The same doctrine was held by this court in the case of the United State Saving & Loan Co. v. Scott, 17 Ky. Law Rep., 1244, and we therefore conclude that the contract in this case must be construed with reference to the laws of Kentucky and is usurious to the extent of the premium exacted in excess of the legal rate of interest.

The remaining question to be considered is whether the subsequent agreement entered into, by which appellant was allowed to anticipate the payment of the residue of his debt before its maturity is a bar to his right to maintain this action to recover usury, the contention of appellee being that as appellant voluntarily paid on the 10th day of December, 1893, $5,220.80 in discharge of his debt, in consideration that appellee would release the mortgage on the land and relieve him from liability as a stockholder in the defendant company that the amount paid in excess of the principal with interest at 6 per cent. was. not for the loan, or forbearance of the money, but was for the release from the contract, and that he is therefore estopped from maintaining this action.
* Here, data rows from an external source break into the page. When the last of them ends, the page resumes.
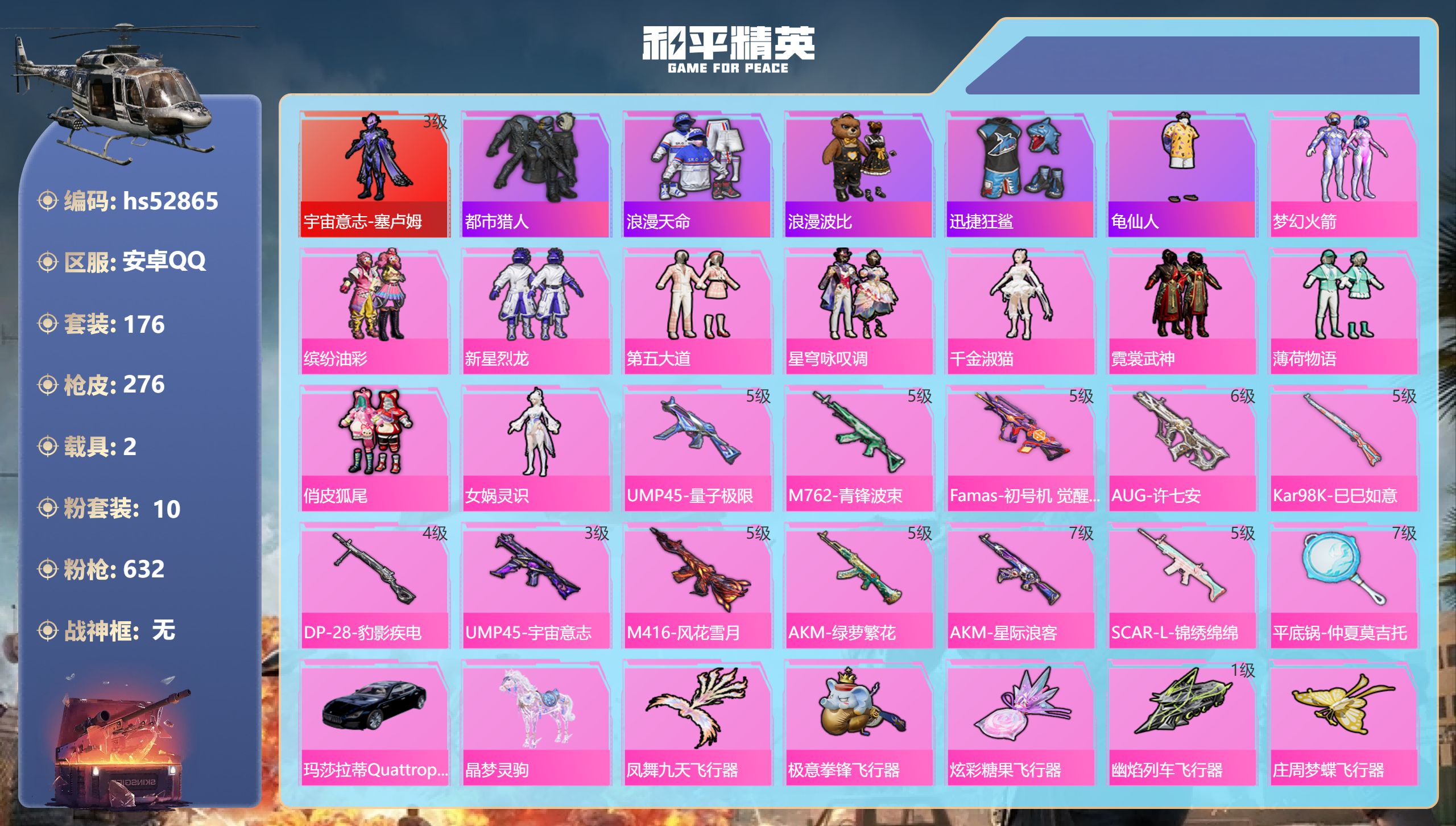PX_2304500-,安卓手Q-17王牌印记-1红装-10粉装-12特效枪-2载具-90256热力值-176套装-276枪皮-1卓越印记 【1红装】宇宙意志-塞卢姆/3级 【10粉装】套装-新星烈龙,套装-俏皮狐尾,套装-霓裳武神,角色-女娲灵识,角色-千金淑猫,套装-缤纷油彩,套装-梦幻火箭,套装-星穹咏叹调,套装-第五大道,套装-薄荷物语 【12特效枪】Famas-初号机,觉醒Ver./5级,SCAR-L-锦绣绵绵/5级,M762-青锋波束/5级,平底锅-仲夏莫吉托/7级,Kar98K-巳巳如意/5级,AKM-绿萝繁花/5级,AUG-许七安/6级,AKM-星际浪客/7级,DP-28-豹影疾电/4级,UMP45-量子极限/5级,UMP45-宇宙意志/3级,M416-风花雪月/5级 【5稀有紫装】都市猎人,浪漫天命,浪漫波比,迅捷狂鲨,龟仙人 【2稀有载具】玛莎拉蒂Quattroporte(夜幕蓝),晶梦灵驹 【176稀有时装】梦幻火箭,缤纷油彩,新星烈龙,第五大道,塞卢姆/3级,星穹咏叹调,SS35特训,SS31特训,SS33特训,SS32特训,SS36特训,恋语绒绒,SS34特训,朱霞炽焰,都市猎人,浪漫天命,龟仙人,迅捷狂鲨,浪漫波比,凌霄紫焰,炫彩糖果,萌鸡速递,元气之梦,薄荷星砂,千金淑猫,霓裳武神,薄荷物语,俏皮狐尾,女娲灵识,罗小黑,龙魂突击队,小熊娃娃,绿洲幻境,绒宝小鹅,星途旅人,冰河战士,鱼渊荷华,SS30特训,青团波波,燕燕于飞,风玲,战术大师,智谋强哥,雏菊兔兔,多纳泰罗,糖糖葫芦,香桃花海,蝶变,巳巳如意,曼妙人鱼,棉花软糖,SS28特训,SS29特训,萝兰蝴蝶,皇家花园,SS16特训,暴风机械师,时空追击者,贝斯之夜,焰鹰斗篷,军械专家,冰爽风暴,福星高照,雪兔飞飞,都市漫游者,虎虎生威吉莉,夏日音浪,龙的传人,果汁能量,白熊同盟,萌黄之夏,黄色伏地魔,飞驰魅影,白色伏地魔,音速流光,热血青春,酒红色名流,湖蓝色名流,绯格组合,涂山之恋,SS26特训,薄荷蓝莓,空岛之星,热情海星,炫蓝之夏,纯真浪花,竞技名士,猛禽,长空猛禽,特战装甲,街头潮人,冷焰舞者,惊鸿侠骨,灼焰舞者,春光漫游,猎梦纪元,甜心亚梦,虚音幻奏,极地朋克,贵族骑装,幻世战舞者,甜蜜菠萝,特殊使命,青涩时光,牛气满满,萌趣咩咩,娇憨猪猪,冰川特警,滨海假日,沙漠毒蛇,麻辣教官,冰冻风暴,完美偶像,幻影武者,诡面顽熊,俏皮奶喵,破蛋小黄鸡,疯狂小兔子,快闪甜心,千禧之恋,绮丽涂鸦,竞技达人朋克,野性战心,海岛探路者,和煦暖阳,霓虹街区,森林游猎者,田园牧歌,轻风白浪,特种颜团子,沙漠兵团,耀粉歌者,探宝勇士,SS27特训,牛气冲天,情公主,SS18特训,飞行日记,SS17特训,竞技角斗士,瑞龙福将,团圆交子,金耀舞者,缤纷焰火,异彩先驱,霓虹极客,空投萌叽,SS19特训,光之冒险,晨曦薄雾,SS20特训,SS21特训,玉兔迎春,孙悟空,深海梦境,SS22特训,SS23特训,天籁歌者,赛罗奥特曼,神气柴柴,妙红点点,幻彩翩翩,格斗先锋,幻羽潜行,海盐绵绵冰,老实芭蕉,王牌教练,柠萌假日,粉红小猪,SS24特训,鹤鸣,懵萌河马,SS25特训,初雨海棠,锦衣飞扬,星梦畅游 【276稀有枪械】M249-萌萌彩虹球,UMP45-量子极限/5级,QBZ-纯真浪花,AWM-纯真浪花,汤姆逊-纯真浪花,DBS-乌木金纹,AA12-G-纯真浪花,平底锅-纯真浪花,Vector-创世·救赎,蜜獾-精灵梦叶罗丽,SCAR-L-海盐豹豹,平底锅-精灵梦叶罗丽,GROZA-海盐豹豹,M762-青锋波束/5级,Famas-初号机,觉醒Ver./5级,AUG-许七安/6级,Kar98K-巳巳如意/5级,DP-28-豹影疾电/4级,UMP45-宇宙意志/3级,SLR-极冰使者,野牛-雏菊兔兔,Mk14-冰河战士,平底锅-雏菊兔兔,M762-雏菊兔兔,Mini14-雏菊兔兔,M200-宇宙意志,短管霰弹-宇宙意志,R1895-雏菊兔兔,AC-VAL-宇宙意志,UZI-冰河战士,M16A4-冰河战士,MK20-H-乌木金纹,M416-风花雪月/5级,AKM-绿萝繁花/5级,AKM-星际浪客/7级,SCAR-L-锦绣绵绵/5级,平底锅-仲夏莫吉托/7级,Mini14-鸡智如我,AKM-绿洲时空,Win94-乌木金纹,MK12-乌木金纹,破片手榴弹-爆破雪人,蜜獾-乌木金纹,SPAS-12-狂鲨锋刃,AUG-冰晶雪宝,铝热弹-炫彩糖果,UZI-炫彩糖果,Mini14-绯穹魔姬,G36C-星穹咏叹调,JS9-凌霄紫焰,MG-36-凌霄紫焰,ARX-凌霄紫焰,AKS-74U-乌木金纹,AKM-涂鸦街区,P92-凌霄紫焰,Famas-霓彩脉冲,破片手榴弹-拽到爆炸,S1897-糯团青竹,平底锅-凌霄紫焰,Mk14-薄荷星砂,汤姆逊-智耀战神,MG3-智耀战神,PKM-啾咪啾咪,SLR-霓彩脉冲,AUG-紫晶流影,M416-红色方程式,M416-糯团青竹,M416-绿野极光,AKM-影袭,AKM-百万伏特,AKM-彩虹符号,AKM-龙的传人,AKM-灼热熔岩,AKM-虎虎生威,AKM-霓虹街区,SCAR-L-红色方程式,SCAR-L-玉兔迎春,SCAR-L-黄金龙骨,SCAR-L-夜灯,SCAR-L-炫彩节奏,M16A4-幻世战舞者,M16A4-凝视深渊,M16A4-甜心亚梦,GROZA-黑色刀锋,GROZA-异彩先驱,GROZA-影袭,GROZA-田园牧歌,GROZA-懵萌河马,AUG-幻影战神,AUG-耀粉歌者,AUG-甜蜜菠萝,AUG-幻梦音符,AUG-天降萌叽,QBZ-飞驰魅影,M762-瑞龙福将,M762-绯红前夜,M762-奇异狩猎者,M762-橘柚倾心,M762-天降萌叽,Mk47-乌木金纹,Mk47-妙红点点,Mk47-洛神天依,G36C-乌木金纹,G36C-暗夜玫瑰,G36C-懵萌河马,G36C-时空追击者,AC-VAL-天降萌叽,AC-VAL-快闪甜心,AC-VAL-甜心亚梦,AC-VAL-乌木金纹,蜜獾-天降萌叽,蜜獾-垂柳戏鸭,蜜獾-娇憨猪猪,Kar98K-乌木金纹,Kar98K-梦幻火箭,Kar98K-飞驰魅影,Kar98K-彩虹符号,Kar98K-影袭,M24-乌木金纹,M24-奇异狩猎者,M24-仲夏莫吉托,M24-香水柠檬,M24-炫彩节奏,AWM-焰鹰斗篷,AWM-垂柳戏鸭,AWM-恐龙拽拽,Win94-瑞龙福将,莫辛纳甘-乌木金纹,莫辛纳甘-懵萌河马,AMR-乌木金纹,AMR-妙红点点,M200-仲夏莫吉托,M200-惊鸿侠骨,SKS-时空追击者,SKS-青丘仙客,SKS-糯团青竹,SKS-未来歌姬,SKS-炫彩节奏,VSS-田园牧歌,VSS-彩虹符号,Mini14-梦幻火箭,Mini14-炫彩节奏,Mini14-异彩先驱,Mk14-乌木金纹,SLR-璀璨流光,SLR-娇
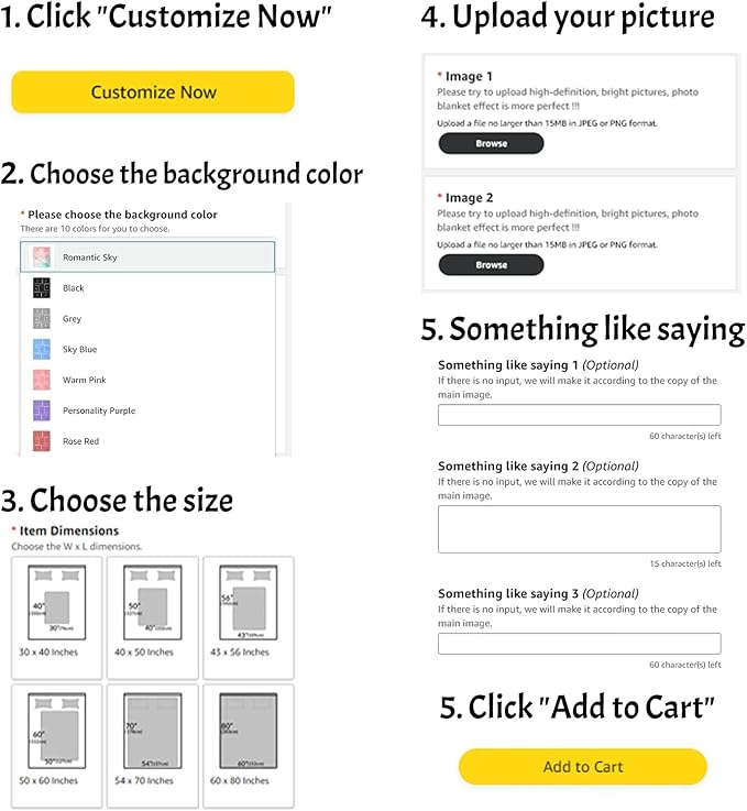 - 💕Customized Blanket: Size and Color: This custom blanket is available in six sizes, 30"x40"(Baby blanket), 40"x50"(Child blanket/Teen blanket), 50"x60"(Adult blanket), 54"x70"(Sofa blanket/Bed Blanket) and 60"x80"(Sofa blanket/Bed Blanket). Imagine the moment they opens the pack and realizes this is a perfect gift for them!
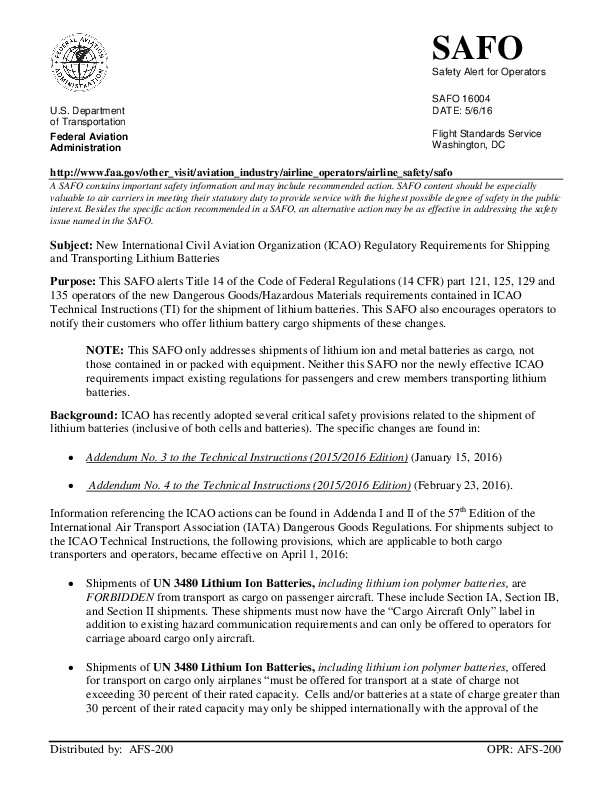 New International Civil Aviation Organization (ICAO) Regulatory Requirements for Shipping and Transporting Lithium Batteries
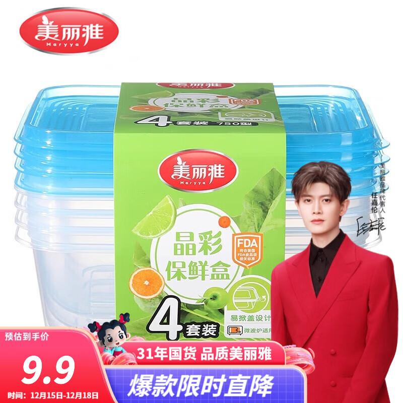 特价页面9-6奍 美丽雅 750ml密封保鲜盒*4个装 凑后1.92
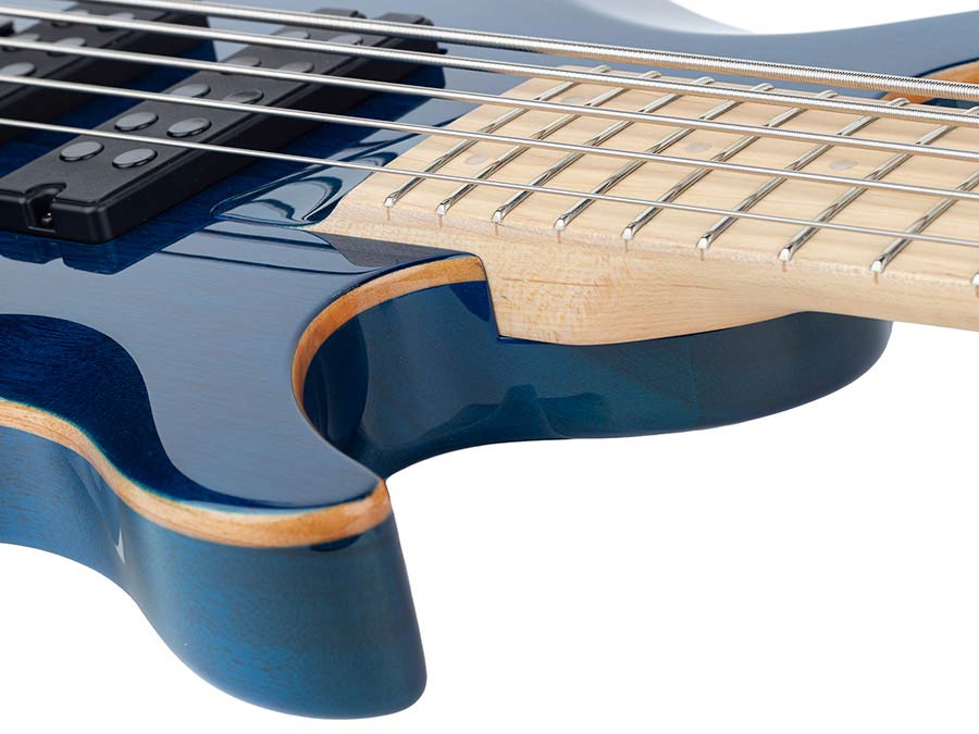 basgitaar, 5-snarig, mahonie, transparant blauw
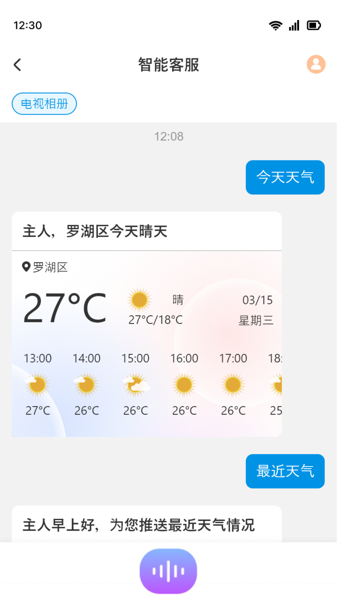 爱家宝是茁壮网络推出的一款APP应用。借助爱家宝APP,用户能够对家中的智能设备进行操作,像控制空调的开关、调节灯光的亮度以及电动窗帘的开合等;可以对自己和家庭成员的观影活动进行管理,例如管理个人收藏与观看历史,还能给家人分享预约的节目;能够使用多种智能服务,比如本地天气发生变化时,智能客服会给出出行提醒,能够一键控制全屋设备,设备状态异常时会收到提醒,回家或者离家时也能享受到便捷服务。其操作和设置并不复杂,智能管家会在用户每次打开APP时,推送用户所需的服务,当用户表达需求时,能智能地将其转化为对智能设备的操作指令,在家人使用智能设备(如血压仪)时,如果出现健康数据异常的情况,会及时通知用户。
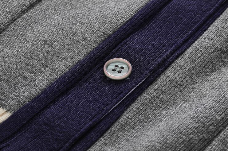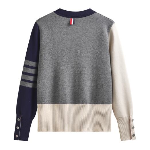 ちらりとのぞくトリコロールカラーがおしゃれなニットカーディガンです。
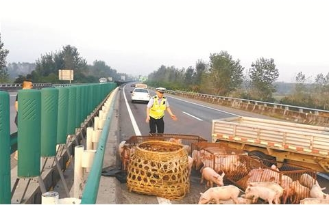 昨晨6时15分,高警当阳大队接警得知,一辆从当阳驶往贵州的货车爆胎,车上的100只小猪崽掉落在高速公路上。民警到达现场发现,大货车横在路中间,七八个猪笼散落在行车道上,一群小猪崽在高速公路上“撒欢”乱窜,不时有车辆疾驰而过,险象环生。
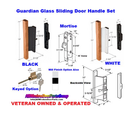 Old Style Guardian Sliding Glass Patio Door Wood Handle Set in White, Black or Mill Finish - WITH MORTISE LOCK ASSEMBLY. This style fits a number of old Guardian Tempered Glass Sliding Patio Doors. Please review all before ordering. Wood Handle unit available in white, black or mill finish inside with blade handle exterior as shown. Specify Color in Comment Section at Checkout - if no color is specified, we will Ship BLACK.
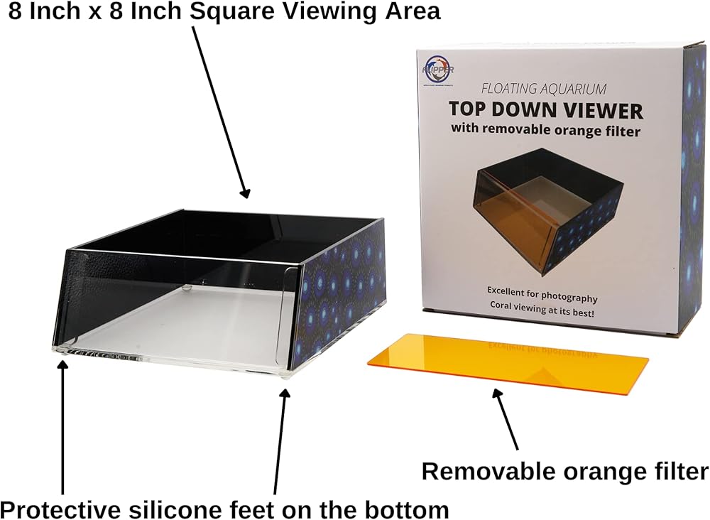 يعد Flipper Top Down Viewer مثاليًا لفحص مجموعة متنوعة من كائنات المياه العذبة والمياه المالحة بما في ذلك المرجان والروبيان وغيرها من الحياة البحرية الجذابة، وهو مثالي لتعزيز التصوير الفوتوغرافي للدبابات. تتضمن الحزمة مرشحًا برتقاليًا يضمن، عند تطبيقه، رؤية واضحة ومصححة الألوان، مما يسمح لك بالتقاط صور مذهلة لسكانك المائيين بوضوح ملحوظ.
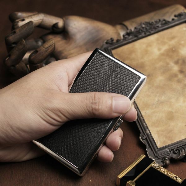 4. メタルシガレットケース 12本タイプ パイソンレザー(ヘビ革)
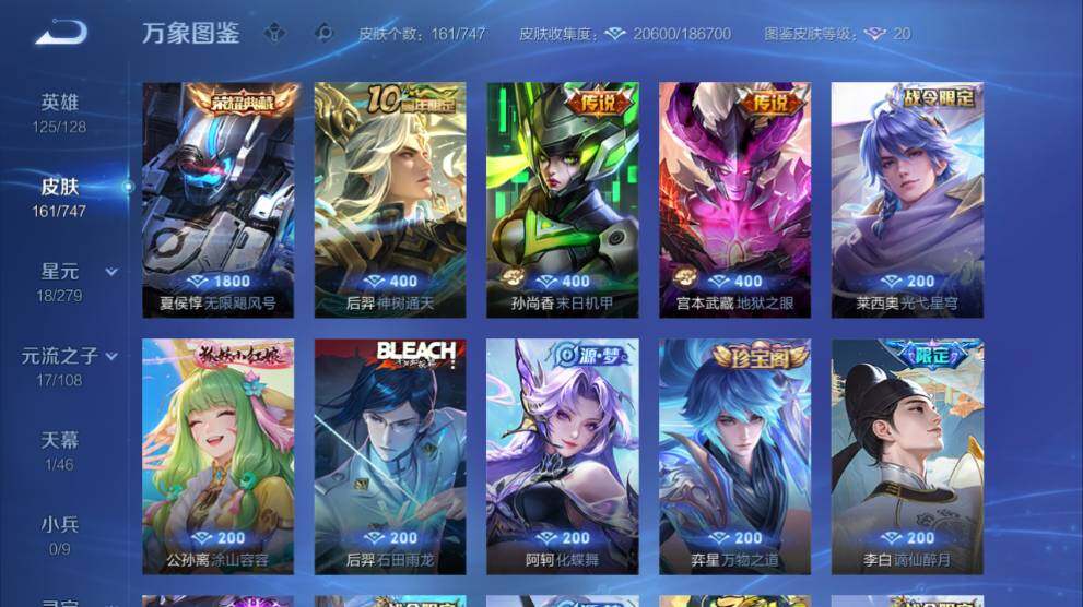 安卓Q-V5-161皮肤-1典藏皮肤-3传说-38史诗-1天幕-2按键【英雄
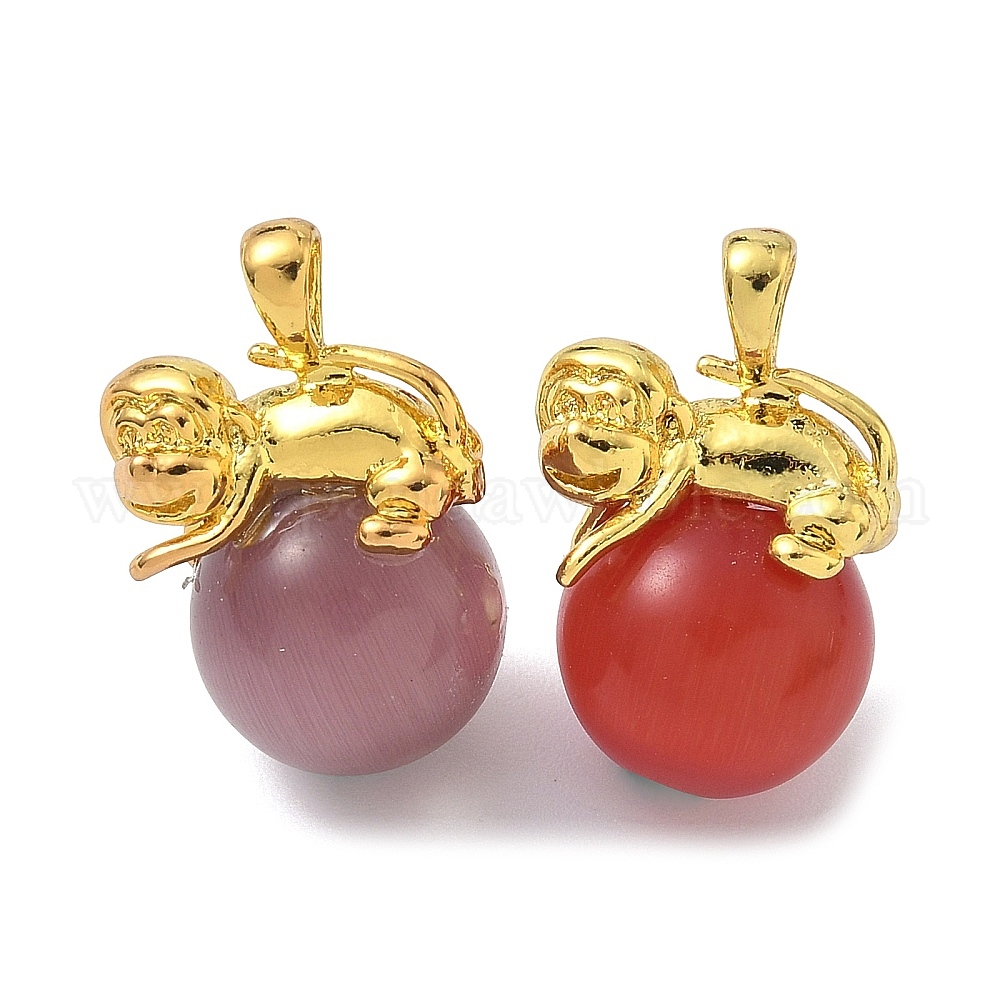 • (123L) Белый крем непрозрачный блеск Подвески из латунной кошки, обезьянка с круглым талисманом, без кадмия и без свинца, долговечный, стойки покрытие, реальный 18 k позолоченный, огнеупорный кирпич, 21x14x11.5 мм, отверстие : 3.5x2.5 мм

In order to properly determine this question, we will examine the terms of the original contract. The promise was to pay “three years from date and before nine years from date.” Appellant therefore had the right to discharge his debt three years from the date of its creation and could have done so at any time by paying the principal and three years’ legal interest, which would have amounted in the aggregate to a sum much less than he was required to pay almost a year before the date of its maturity. Not only does the note give the appellant cheright to pay his loan after three years, but the by-laws, also confer upon him the same right, it being provided by section 7 of the article on loans, “that loans on real estate may be paid at any time after three years from the date of the mortgage, on such terms as the board of directors may determine; but the mortgagee must in all cases give thirty days’ notice of his intention to pay such loans.” Besides, the appellant had the right to. withdraw at any time after one year from the time he became a member, by giving sixty days’ notice in writing.

The consideration expressed in the writing for the consent of the appellee to receive the debt at the time payment was made, was that appellant should pay two months’ extra premium and interest. When this was paid the debt was made to mature on the 10th day of December, 1893, instead of at the time fixed in the original contract; and appellant by this agreement acquired the right to anticipate the payment of his debt, and has the sam« right to recover usury paid as if he had originally agreed to repay the loan on December 10, 1893, and has not been precluded by this agreement from the recovery of all sums paid by him in excess of the debt with legal interest up to the date of payment and the reasonable dues necessary for the maintenance of the organization during the' period whilst he was connected with it as a stockholder and the additional sum which he specially agreed to pay in consideration of being allowed to anticipate the payment of his debt before the maturity thereof.

For the reasons indicated the judgment is reversed and the cause remanded for proceedings consistent herewith.